[Available data]

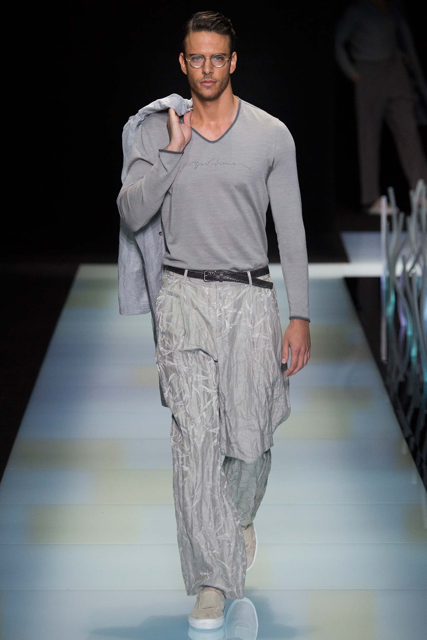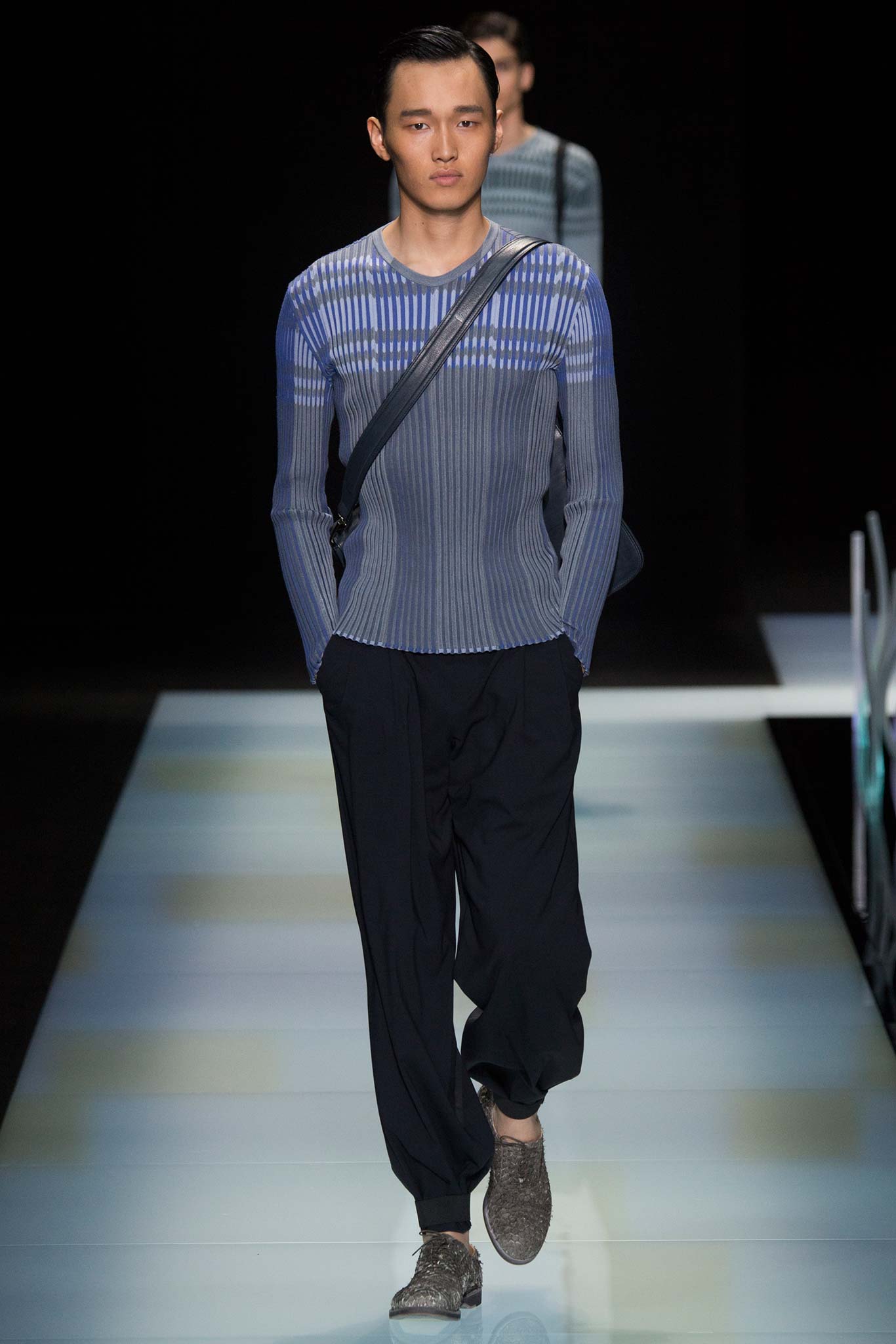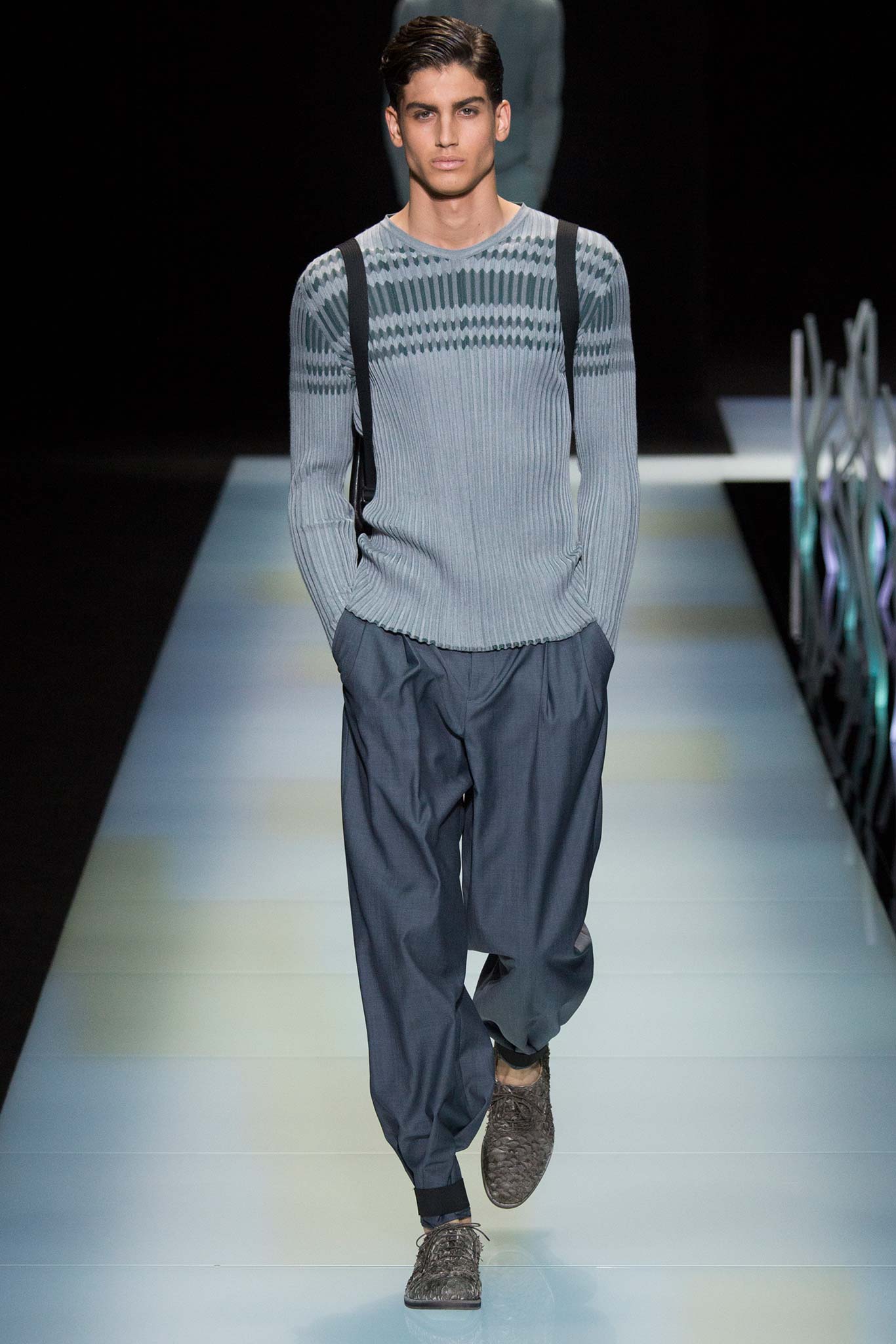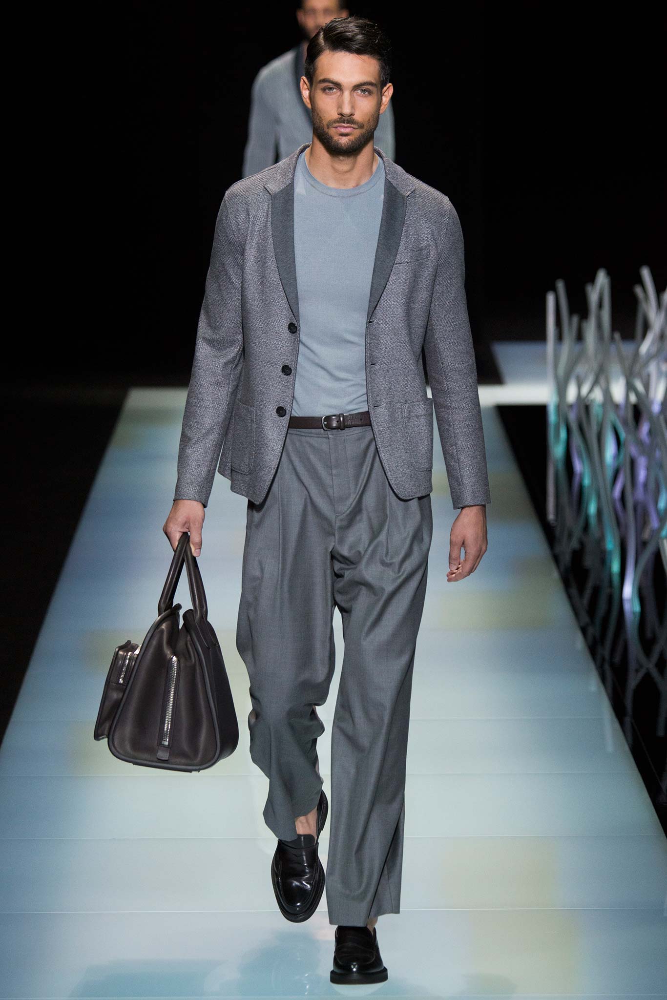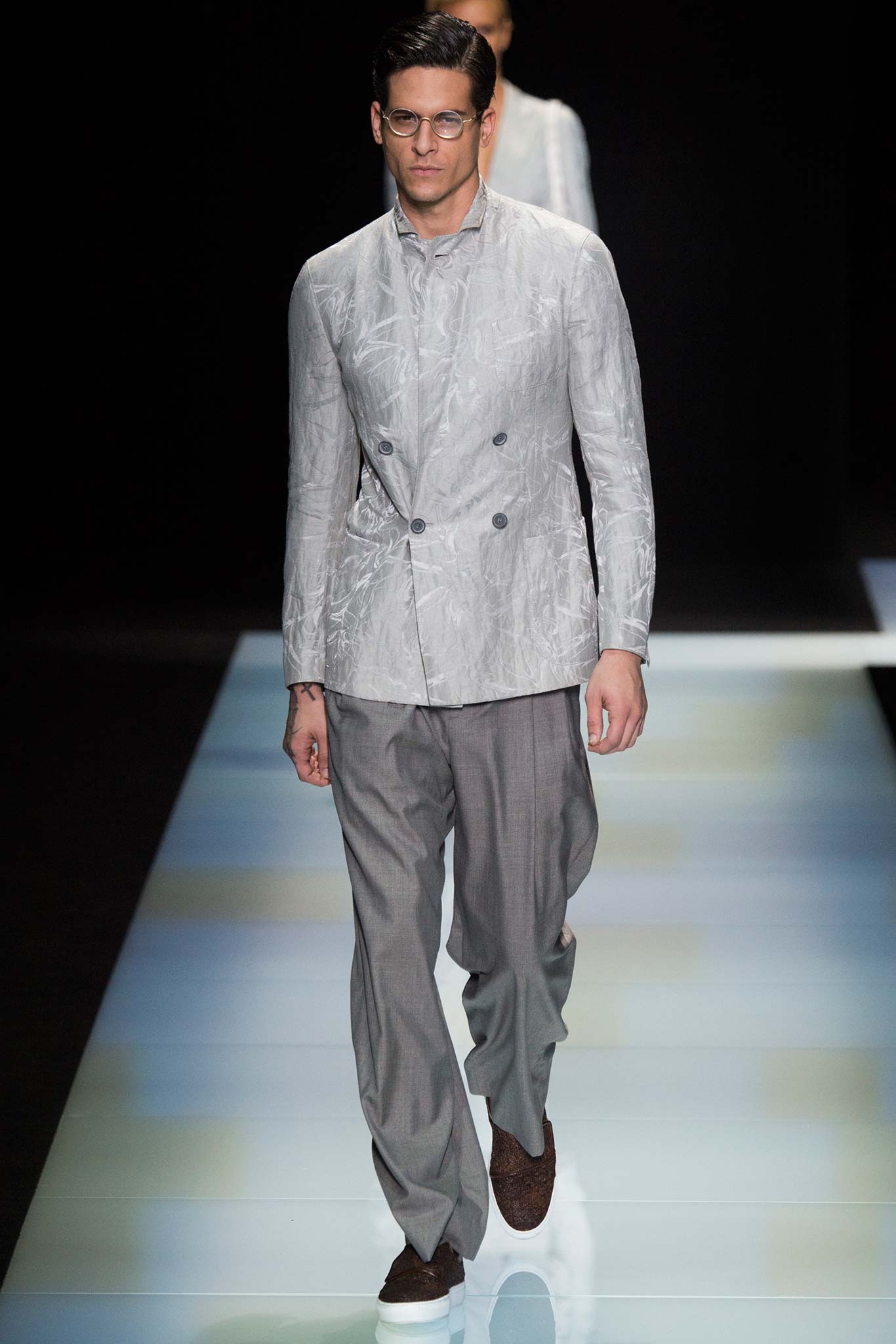 “This is male lightness,” Armani said. “There was less of everything; we don’t need that much, little but well-chosen. Materials are much less synthetic, cotton mixed with silk.” Even his leathers were light and low-key as in a slim, dusty blue double-breasted jacket, or bomber style with a subtle argyle pattern picked across it.
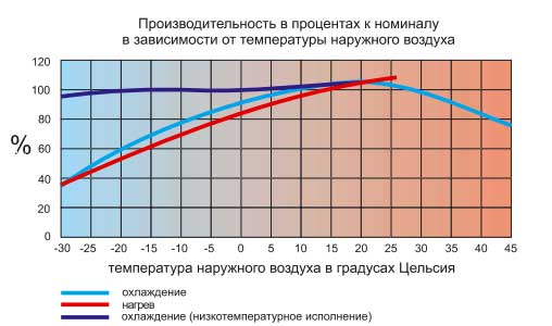 Si la puissance thermique est de 3,5 kW et la consommation de 1,2 kW, le rendement sera d'environ 2,9 kW. Ceci est considéré comme une performance assez élevée. Si la température extérieure baisse, la consommation d'énergie augmente en conséquence et le coefficient baisse sensiblement. Un ratio inférieur à 2,4 est considéré comme faible. Les appareils avec de telles valeurs sont étiquetés en dessous de la classe A.
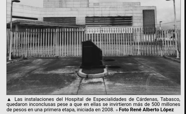 El Hospital Regional de Especialidades de Cárdenas y el tema de terminar su edificación, botada por los gobiernos de Arturo Núñez y las administraciones de la dupla Adán Augusto y Carlos Merino, han hecho correr ríos de tinta, pues esos dos sexenios le hicieron el feo a la obra comenzada en la gestión del priísta Andrés Granier.
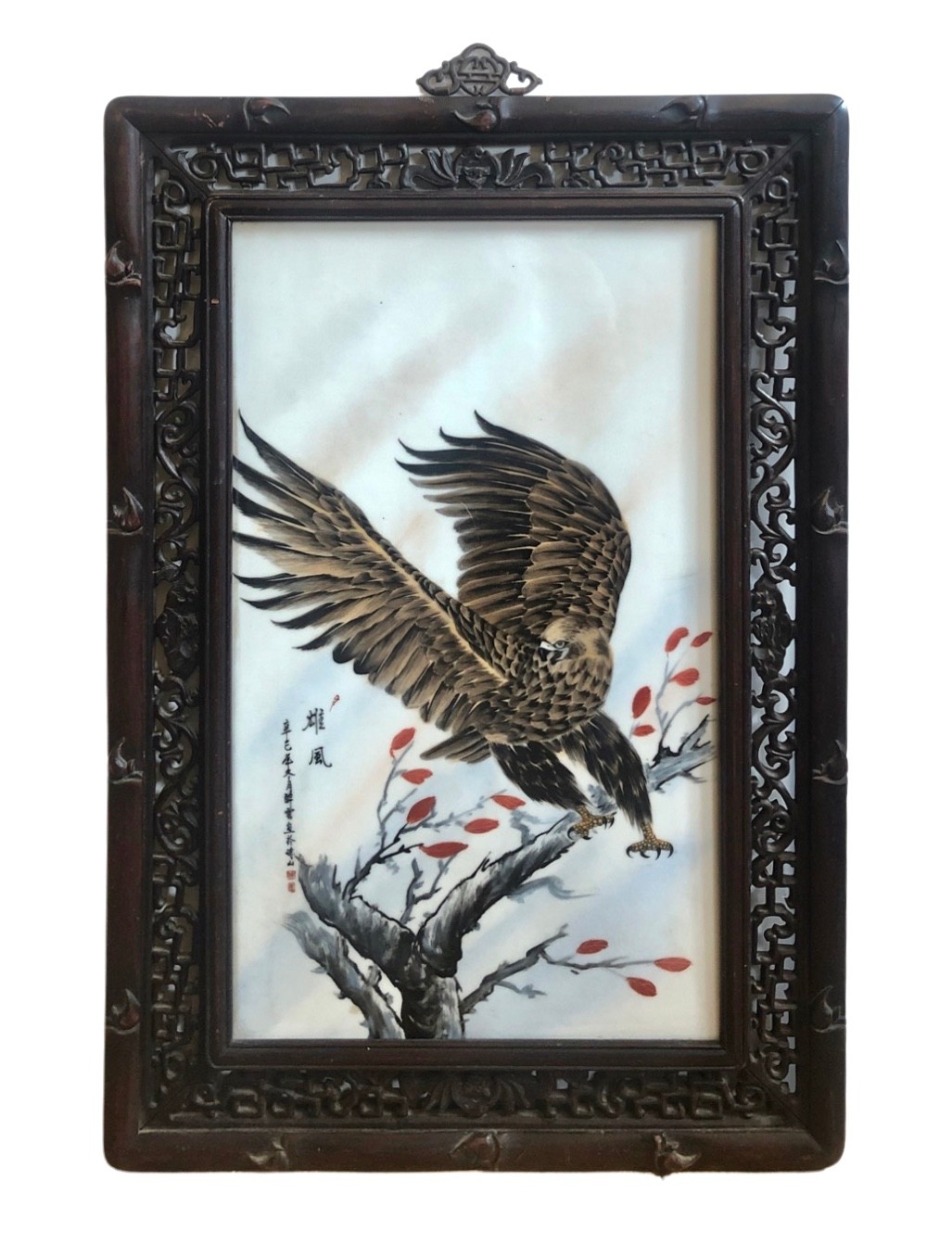 Cina placca in porcellana dipinta con aquila con cornice traforata
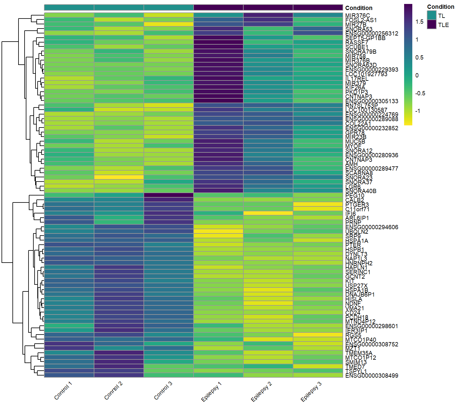 status <- c('Control', 'Epilepsy')Temporal lobe neurons of Epilepsy patients (TLE) vs. Temporal lobe neurons of Control post-mortem tissue (ref.) differential expression analysis results
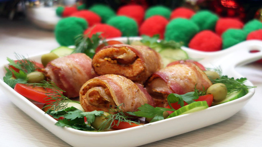 Куриные рулетики в беконе
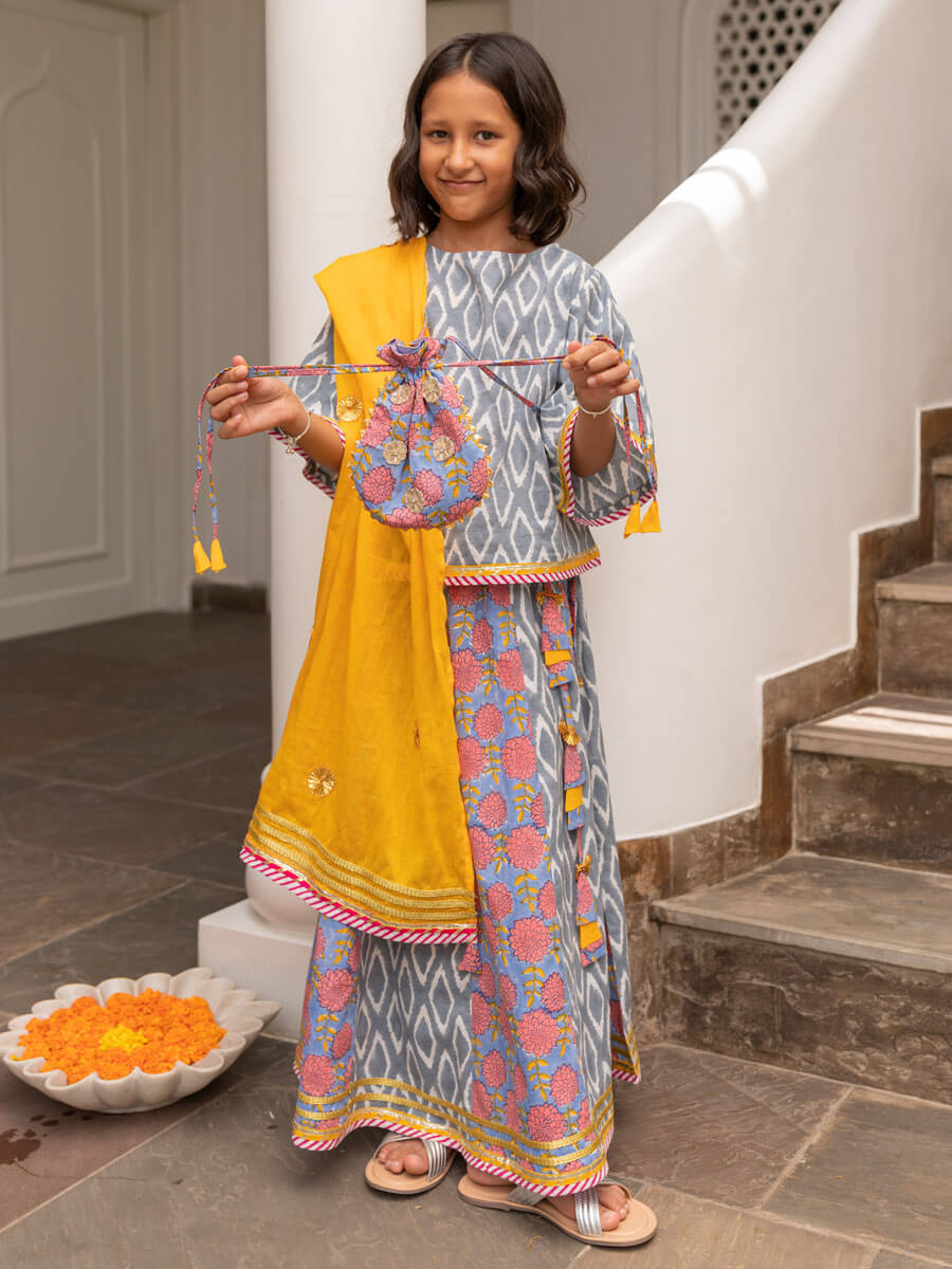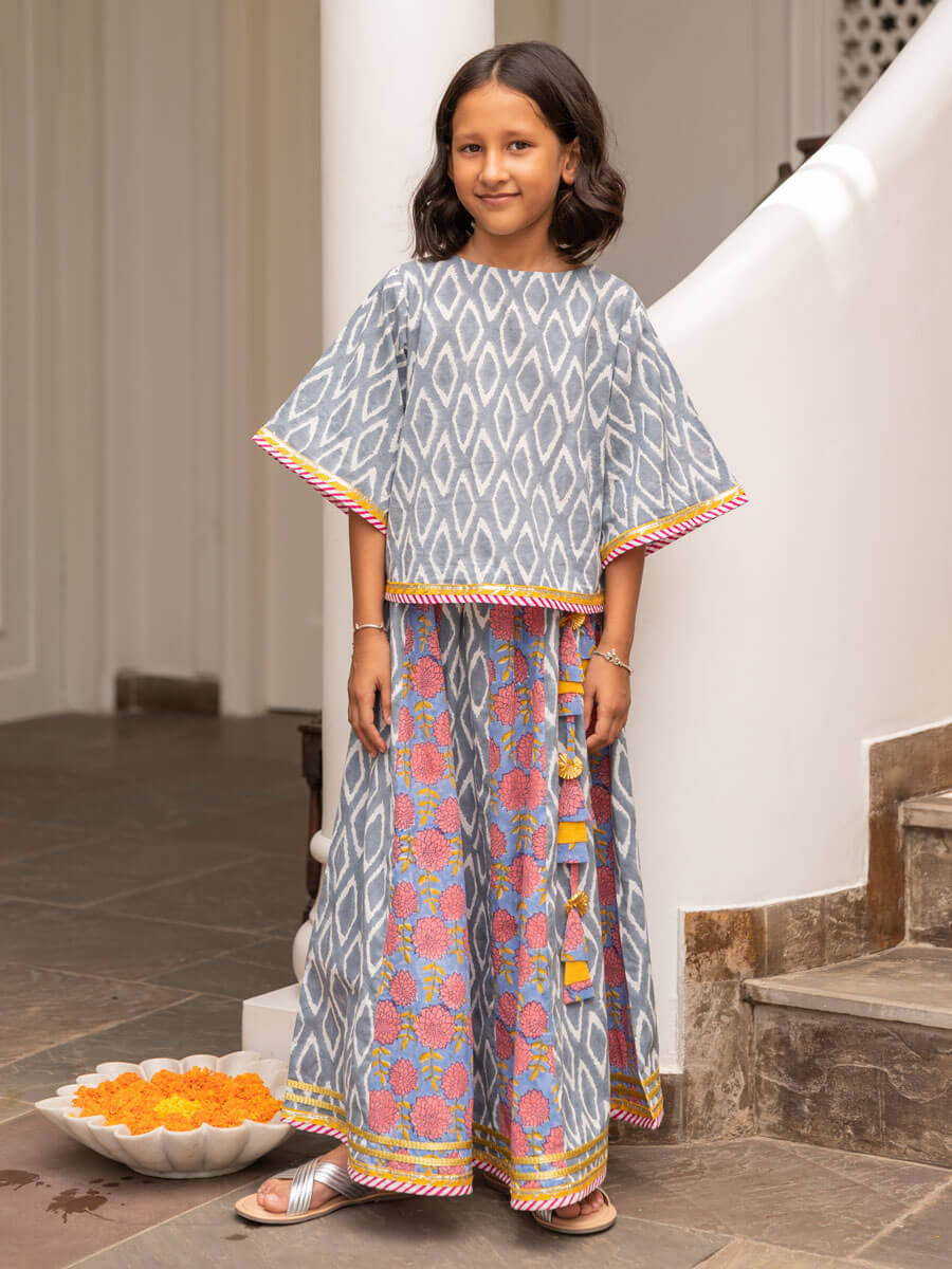 - Set includes: Top (with bell sleeves), skirt and dupatta

[/Available data]

Retype precisely, and only, the lines from the one holding "Куриные рулетики в беконе" through the final line of the data above, with the pictures omitted.

_Solution for this exercise_
 Куриные рулетики в беконе
 - Set includes: Top (with bell sleeves), skirt and dupatta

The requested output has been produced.